Article Revised August 23rd, 2022
If you remember your high school chemistry class, you may recall that the symbol for iron on the periodic table is Fe. This is an abbreviation of the Latin word for iron, Ferrum, and the word from which we ultimately get the term “ferrous.” When comparing ferrous and non-ferrous metals, the key difference is that ferrous metals contain iron. As a precision metal fabricator, EVS manufactures products using both ferrous and non-ferrous metals like stainless steel and aluminum.
Ferrous vs. Non-Ferrous Metals: A Brief History
The use of non-ferrous metals has a much longer recorded history than ferrous metals. Take copper, for example, which has been used since the dawn of civilization. Its widespread use began around 3500 B.C. and lasted between 500-800 years, depending on the geographic location, known as the Chalcolithic (from the Greek word for copper) period. The Copper Age marked the end of the Stone Age and served as the buffer between the longer and much more commonly written about Bronze Age (an alloy of copper and tin), which began around 3000 B.C and ended in 1200 B.C. with the advent of the Iron Age.
Types and Characteristics of Ferrous Metals
There are a number of different types of ferrous metals, such as wrought iron, carbon steel (also sometimes referred to as “structural steel”), cast iron, alloy steel, and stainless steel. Ferrous metals are popular for their incredible strength and durability, which makes them excellent for applications like skyscrapers, cars, railroad tracks, and shipping containers. Ferrous metals are generally but not always magnetic.
The drawback of most ferrous metals is that they are generally not appropriate for wet or very humid conditions, as they are vulnerable to rust and corrosion. There are two excellent exceptions to this, however. Wrought iron is so pure that it is able to resist rust without the addition of extra elements, while the use of chromium in stainless steel — one of the most common metals from which EVS fabricates — makes it extremely rust resistant as well.
Types and Characteristics of Non-Ferrous Metals
As the name states, non-ferrous metals do not contain iron (Ferrum), and are generally more corrosion resistant than ferrous metals. They are also non-magnetic. Examples of common non-ferrous metals include lead, brass, copper, zinc, tin, gold, silver, and aluminum/aluminum alloys.
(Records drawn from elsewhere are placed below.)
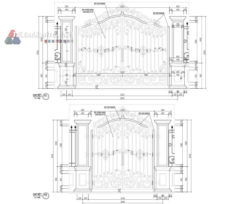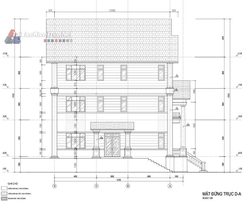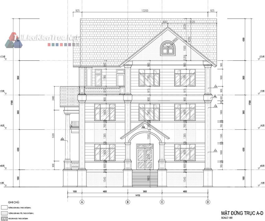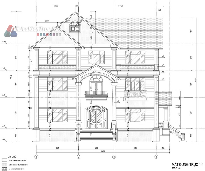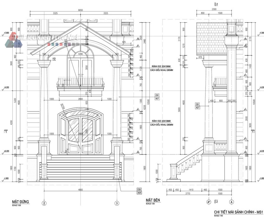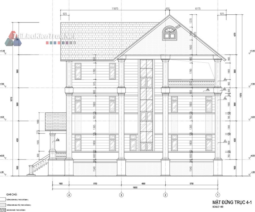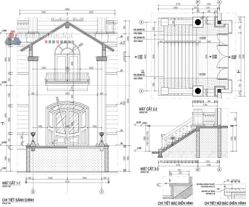 - Chi tiết mặt đứng; sảnh, tam cấp, cột, phào chỉ, mái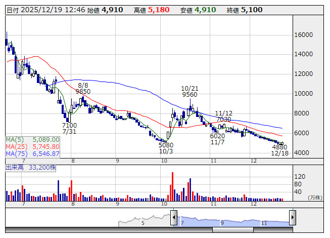 ゼンムテック <日足> 「株探」多機能チャートより■財務省 : 12月19日受付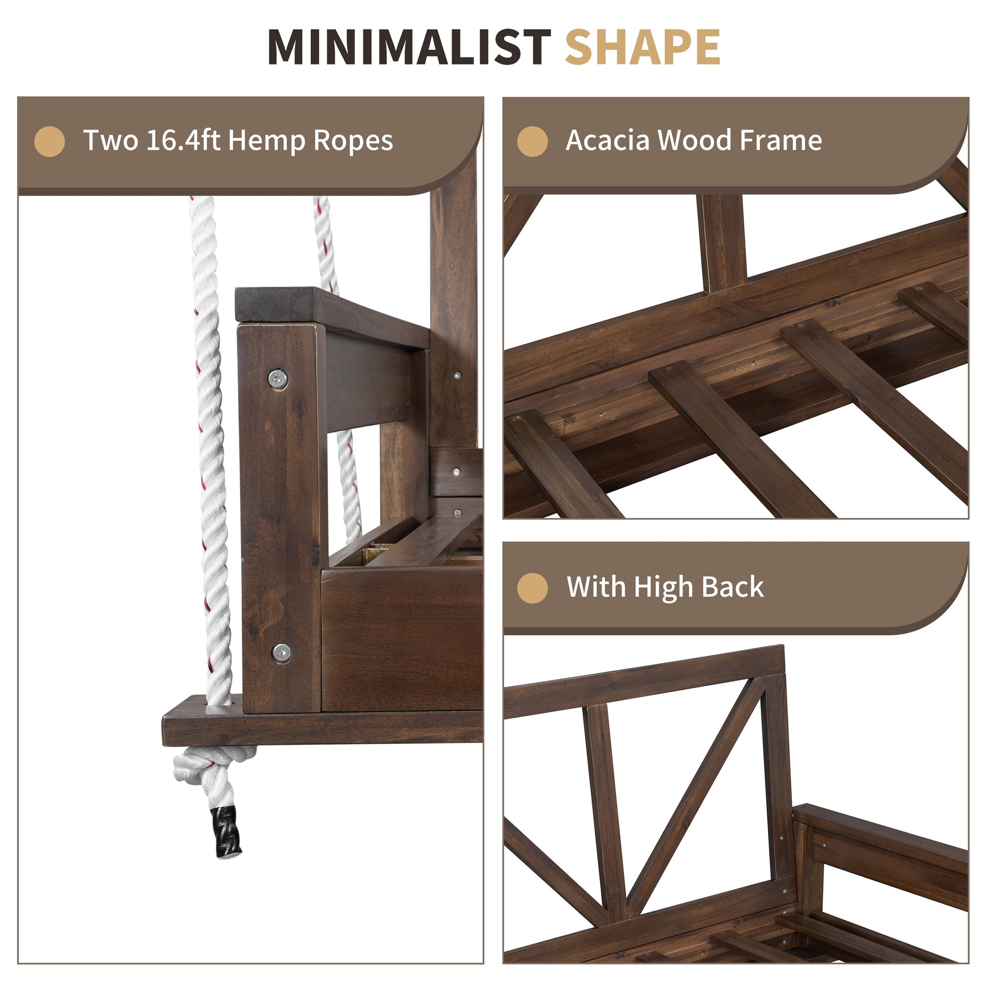 Acacia Wood Twin Size Patio Swing Bed Modern Porch Swing Hanging Bed Frame With 16.4ft Hemp Ropes for Garden,Backyard,Br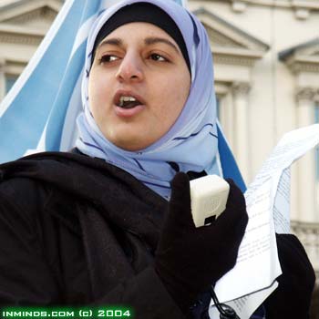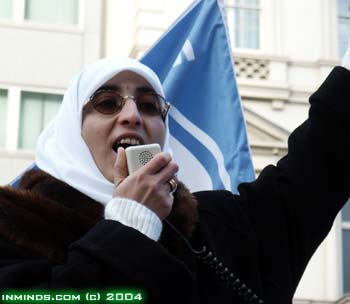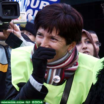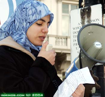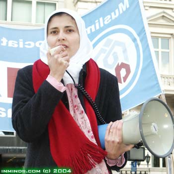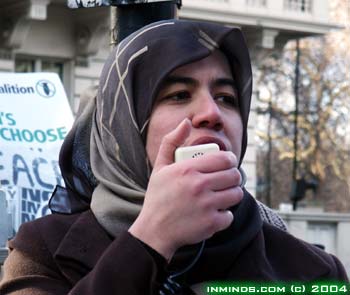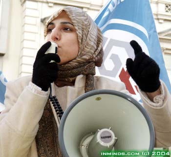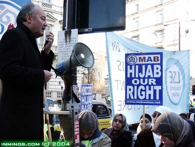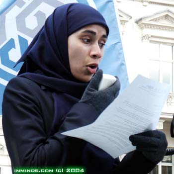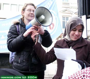 Lynne Hubbard from the Birmingham Trade Union Council delivered a powerful message of solidarity on behalf of the trade unions of Birmingham: "Birmingham trade union council say we have a responsibility to stand shoulder to shoulder with our Muslim brothers and sisters, and give a clear message to Tony Blair that just in the way we were not divided in the anti-war movement we will not be divided over the question of hijab. It is our responsibility to defend all women's right to wear it". She compared the attack on Muslims with that on Irish people in the 70s and demanded "every trade unionist should support women's right to wear the hijab".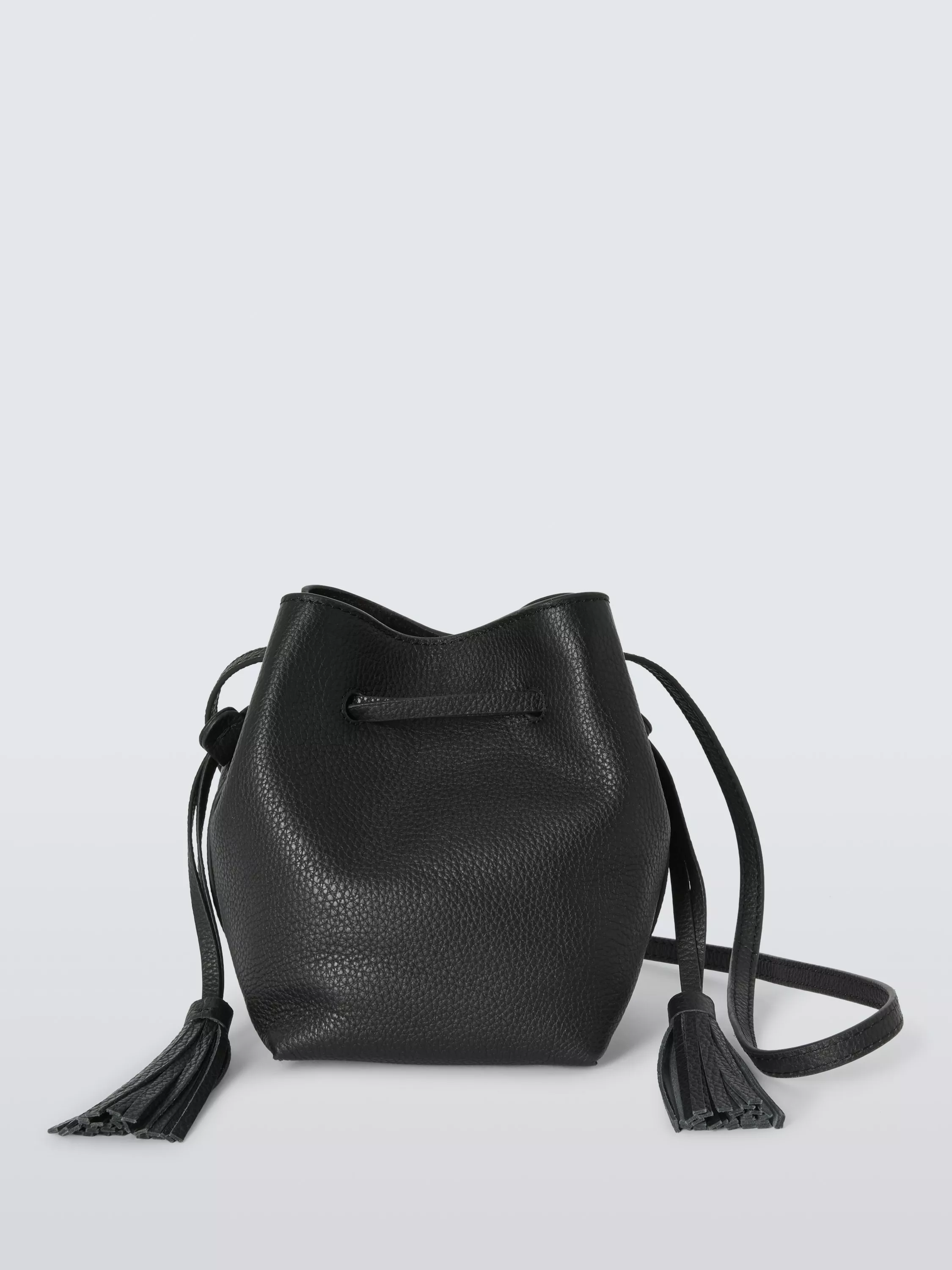 Made from leather with a drawstring fastening, the bag is completed with tassel detailing and a long strap for easy hands-free convenience.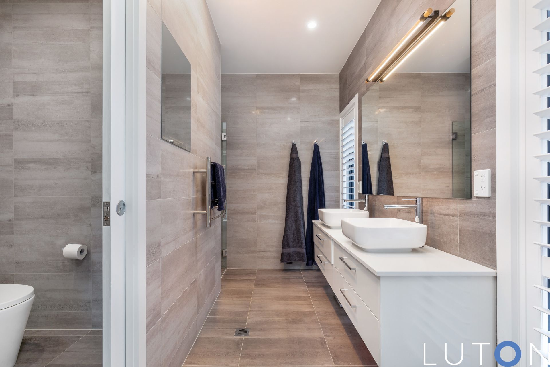 Designed to maximise both sun and light, the open plan kitchen has gorgeous Caeserstone bench tops, quality appliances and storage, the meals and large family room offers fantastic views over the property and beyond toward the Tinderry Ranges. This room is breathtaking with tall, raked ceilings and spotted gum laminated timber underfoot.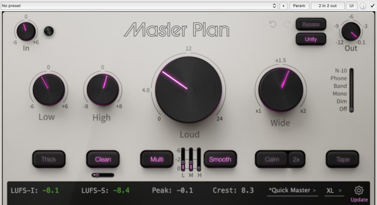Master Plan is a professional audio mastering workflow that lets you get production-ready masters with simple controls: Crystal clear loudness, rich analog saturation, phase-coherent visualization, physical tape emulation, plus additional tools for fixing and monitoring your mix.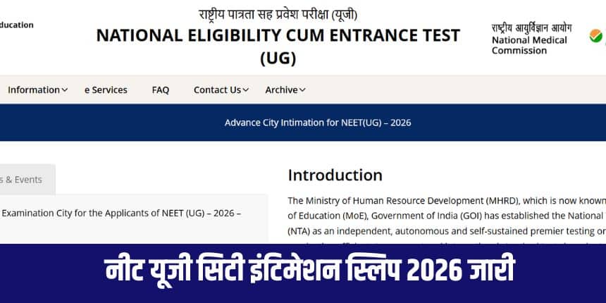 राष्ट्रीय परीक्षा एजेंसी (एनटीए) ने नीट यूजी 2026 की सिटी इंटिमेशन स्लिप जारी कर दी है। परीक्षा के लिए पंजीकृत उम्मीदवार एनटीए की आधिकारिक वेबसाइट neet.nta.nic.in के माध्यम से अपनी सिटी इंटिमेशन स्लिप डाउनलोड कर सकते हैं।

Non-ferrous metals tend to be softer, making them easier to mold, bend, and cut. While they can still rust or corrode, it’s much less common, and the process takes longer with these types of metals. They are excellent for outdoor use, such as outdoor traffic signs and roof gutters, and for applications where the look of the finished product is especially important, i.e., fine jewelry and musical instruments.
So which type of metal is better, ferrous or non-ferrous?
Ferrous metals and non-ferrous metals are both extremely important for metal fabricators. Their use depends not just on supply and overall availability but the intended use of the end product. Although ferrous metals like stainless steel tend to be less expensive than non-ferrous metals, the additional cost of a non-ferrous metal like aluminum is often more than justified, especially when corrosion resistance is a top priority. The verdict? Both ferrous and non-ferrous metals have their place in precision sheet metal fabrication.